Большая комната таверны была вся заполнена офицерами добровольного кавалерийского отряда – иоменов. Рассмотрев их в непосредственной близости, я больше, чем когда бы то ни было, подивился их необычайному росту, силе, невозмутимому самодовольству, написанному на их лицах. Мне было над чем поломать голову, когда я попытался подсчитать – а сколько же им понадобилось в жизни съесть отборной пищи, поглотить прекрасного воздуха и усвоить бесспорных истин, чтобы дойти до такого чисто лошадиного совершенства. Их оживленная беседа не стихла, когда я вошел в помещение.
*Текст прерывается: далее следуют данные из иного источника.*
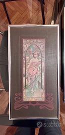 Questi oggetti sono stampe artistiche in stile Art Nouveau incorniciate,basate sulle opere dell'artista Alfons Mucha, noto per le sue raffigurazioni stilizzate di figure femminili.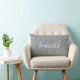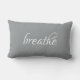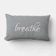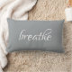 The stylish grey pillow features the quote breathe in a modern white typography.

Эйбель обслуживал офицеров напитками, сохраняя при этом такое же бесстрастие, как и его стойка. Он даже и виду не подал, что знает меня… Господа офицеры приняли меня, по – видимому, за служащего таверны и поэтому даже лишним взглядом не удостоили.

После того как я выпил пива, Эйбель поймал мой взгляд и поманил меня за стойку. Нырнув под деревян – яую доску, я очутился рядом с ним, лицом к маленькой кладовой, где у него хранились бочки и кружки.

– Пока что помалкивай! – проговорил он тихо, а затем сказал погромче: – Вот эти кружки в углу надо помыть. Набери в лоханку чистой воды и сполосни их. Полотенце найдешь вон там, оно висит на веревке.

Я сел на табурет в отдаленном темном углу и наслаждался тихим звяканьем посуды в тепловатой воде. Вытирая кружки, я забавлялся тем, что тяжело дышал на них, а потом до блеска надраивал грубым полотенцем. Обязанность моя, требовавшая только аккуратности, была так проста и однообразна, что лицо у меня, надо думать, достаточно ярко выражало дурацкий восторг; во всяком случае, когда я на мгновение стряхнул с себя состояние далекой безумной отрешенности от всего происходящего, то увидел, что четверо молодых офицеров с полными, лоснящимися физиономиями, перегнувшись через стойку, уставились на меня и громко гогочут.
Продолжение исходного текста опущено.